Defenseman Nikita Zadorov flubbed a pass sent his way, and the Avs turned toward the Buffalo zone. Ryan O’Reilly found Cody McLeod at the edge of the crease for a tap-in through the pads of Jhonas Enroth.

“The scary part is I liked our first period, except we had made a couple crucial mistakes,” Nolan said. “They capitalized on them.”

Colorado put the game away with two goals in the opening 4:32 of the third period. Alex Tanguay sent a laser into the top corner with 1:51 gone to make it 3-0. John Mitchell’s power-play goal sent the Avs toward just their second win in eight games.

“That hurts, a goal in the first two minutes of the third,” Gionta said. “We had some spurts where we had some good chances and good pressure, but at the same time just those mistakes keep hurting us.”

Buffalo outshot the Avs, 29-23, but didn’t solve goaltender Calvin Pickard until 6:33 remained. Larsson scored his first NHL goal on a cross-ice feed from Chris Stewart, making his quick drive to town worth it.

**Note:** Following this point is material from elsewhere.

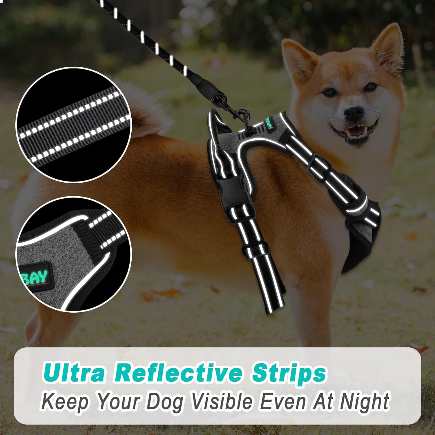 • LUMINOUS REFLECTIVE STRIPS to keep your dog safe and visible at night.
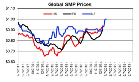 The tone of the global dairy market has become directionally more bullish to start 2019. For the first time since late 2015, the market soon won’t have the price suppressing SMP intervention stocks in Europe to deal with. At current pace, they will be depleted in February following the large sales in December and January. Milk supply growth has slowed in the major production regions and buyers have become more aggressive as prices start to tick higher. However, this isn’t 2013-14 by any means. The global economy is starting to feel wobbly and US stock market indices portend trouble ahead with economists talking more about a mild recession later in 2019 or 2020. Lower oil prices cut both ways – it can be a sign that economic growth is waning and oil exporting countries have less money to buy stuff with (bearish for dairy prices). However, it is bullish for dairy prices in more energy-dependent countries – people will have more money to buy things vs. paying for gas for the car or their utility bills. And trade wars are usually not helpful for economic growth. A resolution to US disputes with Mexico and China would be bullish for dairy markets.

Tanguay found the empty net with 25.7 seconds play, running Colorado’s winning streak over Buffalo to eight games. The Sabres’ last victory was a 6-4 decision in Colorado on Dec. 4, 2005.

Sunday’s game in Boston will conclude the eighth of Buffalo 19 sets of back-to-back games. The Sabres are 2-6 in the opening game and 3-4 in the second.

“We’ve got a quick turnaround, a big game against Boston,” Sabres forward Tyler Ennis said. “We played well, but a couple mental errors and it ends up in the back of our net. It is disappointing. Against an offensive team like that, you can’t turn the puck over, you can’t give up short-handed goals.”